One limitation of our review is the inclusion of studies modeling different measures, collected at different durations and frequencies. This limited our ability to make direct comparisons of predictions across papers. Another limitation of our review may be that some included papers were evaluated with low inter-rater reliability after initial screening. However, the poor inter-rater reliability obtained for some studies may simply reflect that the aims, design, and outcomes were reported in such a fashion that caused reviewers to draw different conclusions. Consequently, we believe that those studies with the low inter-rater agreement may also be interpreted differently by readers. It is also possible that the VAG-CM is a poor appraisal tool in a general sense. However, since there are currently no viable alternative methods for the structured appraisal of the diverse computational modeling approaches in psychiatry, we believe our VAG-CM is a pragmatic and conservative approach. The development of reporting and appraisal standards for computational modeling studies in psychiatry is a priority in order to maximize the quality and impact of this promising research area. Thus, we encourage future studies to evaluate, extend, or revise the VAG-CM, with detailed and extensive studies of its inter-rater reliability and generalizability to other disorders and model types (perhaps using a database of computational modeling studies such as CPSYMAP [77]). Such an evaluation was beyond the scope of the present study, as was a larger study of inter-rater reliability, since the VAG-CM here served solely as a tool to approach our review.

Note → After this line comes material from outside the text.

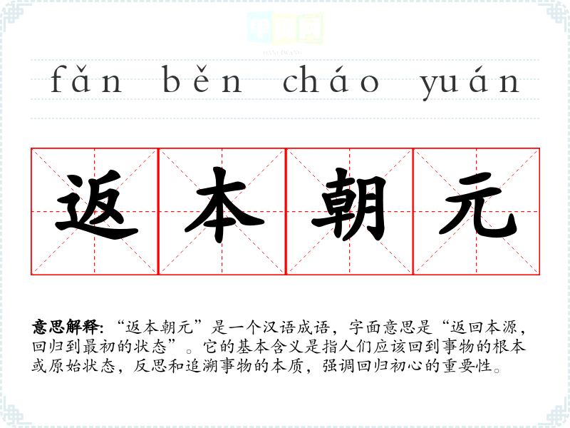 “返本朝元”是一个汉语成语,字面意思是“返回本源,回归到最初的状态”。它的基本含义是指人们应该回到事物的根本或原始状态,反思和追溯事物的本质,强调回归初心的重要性。

In conclusion, by approaching our review of dynamical systems models of BD in a structured fashion (using the VAG-CM), we have identified a disconnect between the data-driven and theory-driven approaches used in the BD modeling literature. We argue that taking a blended approach that combines the strengths of both data-driven and theory-driven methods will ensure future models adequately explain behavior in BD, generate results that can be empirically verified, and provide mechanistic insights into BD through homology with biological and psychological systems. By developing biologically or psychologically homologous models of the BD phenotype, we will step closer toward understanding how the brain generates this severe condition, and how its management can be improved.